Generating specific bit sequences in Python

Question

I have a list of numbers that represent the number of 1s in a row and I have an integer that represents the length of the entire sequence. So for example, if I get list [1, 2, 3] and length 8, then the only possible bit sequence is 10110111. But if the length was 9, I should get 010110111, 100110111, 101100111 and 101101110. I wonder if there is a simply pythonic way of doing this. My current method is

def genSeq(seq, length):
    strSeq = [str(i) for i in seq]
    strRep = strSeq + ["x" for i in xrange(length-sum(seq))]

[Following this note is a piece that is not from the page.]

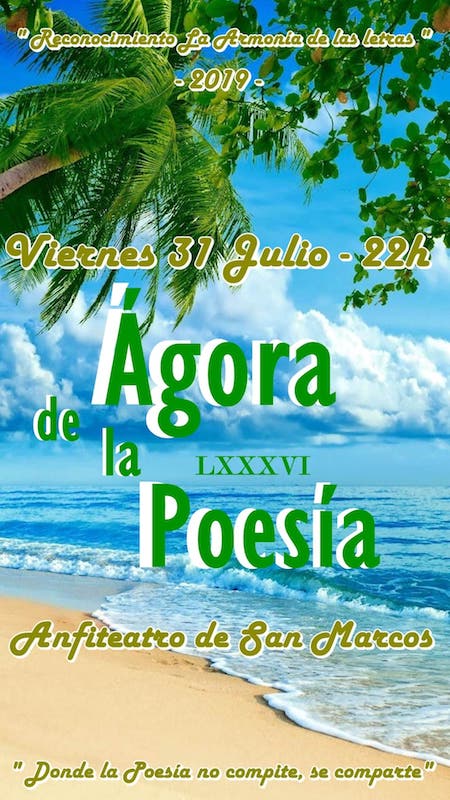 La poesía, como todo arte, es ¡al ataque!, ¡al ataque poetas!, poetas del alba. Seguimos con los versos a flor de piel, entre la realidad y la rima, con la penumbra de los tiempos y la metáfora. Obligatoria la mascarilla para liberar a los versos y no dejar que enferme la palabra ni nadie», dice el mensaje que envían los organizadores del Ágora este mes de julio.

    perm = list(set(permutations(strRep)))
    legalSeq = [seq for seq in perm if isLegal(seq) and [char for char in seq if char.isdigit()] == strSeq]
    return [''.join(["1"*int(i) if i.isdigit() else "0" for i in seq]) for seq in legalSeq]


def isLegal(seq):
    for i in xrange(len(seq)-1):
        if seq[i].isdigit() and seq[i+1].isdigit(): return False
    return True

print genSeq([1, 2, 3], 9)

Answer 1

My approach is as follows:

1. Figure out how many zeros will appear in the result sequences, by doing the appropriate arithmetic. We'll call this value n, and call the length of the input list k.

2. Now, imagine that we write out the n zeros for a given result sequence in a row. To create a valid sequence, we need to choose k places where we'll insert the appropriate number of ones, and we have n + 1 choices of where to do so - in between any two digits, or at the beginning or end. So we can use itertools.combinations to give us all the possible position-groups, asking it to choose k values from 0 up to n, inclusive.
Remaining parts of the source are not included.